This episode of Last Heartthrob episode contains some following, the way that James Stewart follows Kim Novak in Vertigo.
You might watch for other parallels, too.
"'Did he train you? Did he rehearse you? Did he tell you what to do and what to say?'
"This cry from a wounded heart comes at the end of Alfred Hitchcock's Vertigo, and by the time it comes we are completely in sympathy. A man has fallen in love with a woman who does not exist, and now he cries out harshly against the real woman who impersonated her. But there is so much more to it than that. The real woman has fallen in love with him. In tricking him, she tricked herself.

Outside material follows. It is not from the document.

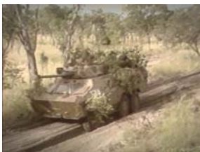
Ratel-90 following in the tracks of the preceding vehicles. Notice how exact the wheels fit in the tracks
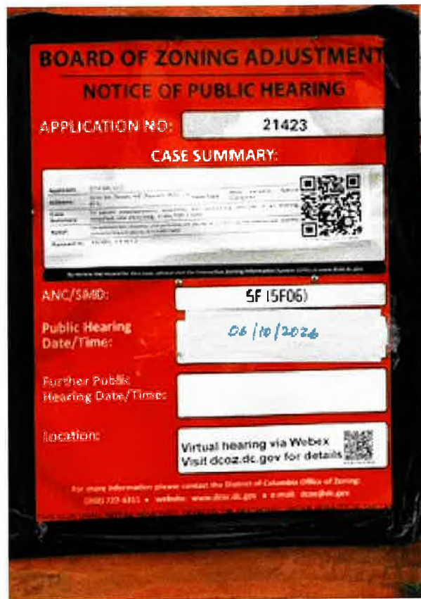
2. 5/22/26 – W St NE #1

And the man, by preferring his dream to the woman standing before him, has lost both." – Roger Ebert
In his conversation with Francois Truffaut, Alfred Hitchcock explained why he wanted to make a movie of D'Entre Les Morts."I was intrigued with the efforts to create a woman in the image of a dead woman." That's the plot side. "The sex, the psychological side is that you have a man creating a sex image...He can't go to bed with her until he's got her back to the thing he wants to go to bed with." Don't blame Hitch for the broken English here. Truffaut spoke in French, Hitch got the questions through an interpreter, and he knew his answers would be translated back into French. He mentions his favorite scene. "When she came back from having her hair made blonde and it wasn't up, this means, she has stripped, but won't take her knickers off. When she says all right and goes into the bathroom and he's waiting, he's waiting for the woman to undress and come out nude. That's what I meant."
There are two women in Vertigo, Midge, played by Barbara Bel Geddes is the woman who really understands Scottie, the woman he ought to be with, but she’s not the object of his obsession. Alfred Hitchcock had that kind of relationship with an actress. His problem was that he was already happily married and she ran off to marry a prince. How much do you think Vertigo was influenced by the fact that the Midge Alfred Hitchcock lost looked like this?

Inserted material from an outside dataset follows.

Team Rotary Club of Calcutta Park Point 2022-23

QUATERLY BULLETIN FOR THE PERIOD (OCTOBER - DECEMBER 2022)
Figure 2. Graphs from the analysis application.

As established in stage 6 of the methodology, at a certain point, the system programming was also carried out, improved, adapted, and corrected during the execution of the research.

In the book that Hitchcock adapted, the plot reveal, that the living woman and the dead woman are the same woman, a decoy in a murder plot, comes at the end. Hitchcock gives that secret away much earlier. Roger Ebert writes, “From the moment we are let in on the secret, the movie is equally about Judy: her pain, her loss, the trap she's in. Hitchcock so cleverly manipulates the story that when the two characters climb up that mission tower, we identify with both of them, and fear for both of them, and in a way Judy is less guilty than Scottie.
“The danger is to see Judy, played by Novak, as an object in the same way that Scottie sees her. She is in fact one of the most sympathetic female characters in all of Hitchcock.”
Do we see Judy as one of Hitchcock’s most sympathetic female characters or as an object? Why?
Naturally, a film about “metaphorical necrophilia,” Alfred Hitchcock’s words to Truffaut, should have problems with the Motion Picture Production code. It is certainly a morally ambiguous film. Scottie falls in love with the woman he believes to be his client’s wife. The only wrongdoer punished in the film receives the death penalty for impersonation. Elster, the perpetrator of the crime had escaped to another country. Thus, the part of Vertigo you probably haven’t seen.
Geoffrey Shurlock of the U.S. Production Code Administration noted: "It will, of course, be most important that the indication that Elster will be brought back for trial is sufficiently emphasized."
Hitchcock finally succeeded in fending off most of Shurlock's demands (which included toning down erotic allusions) and had the alternative ending dropped. The footage was discovered in Los Angeles in May 1993.
By the end of Vertigo, do you think the Hays Code is as dead as Judy Barton? Why or why not? If so, was Hitchcock’s accomplishment to slaying it a good or bad thing?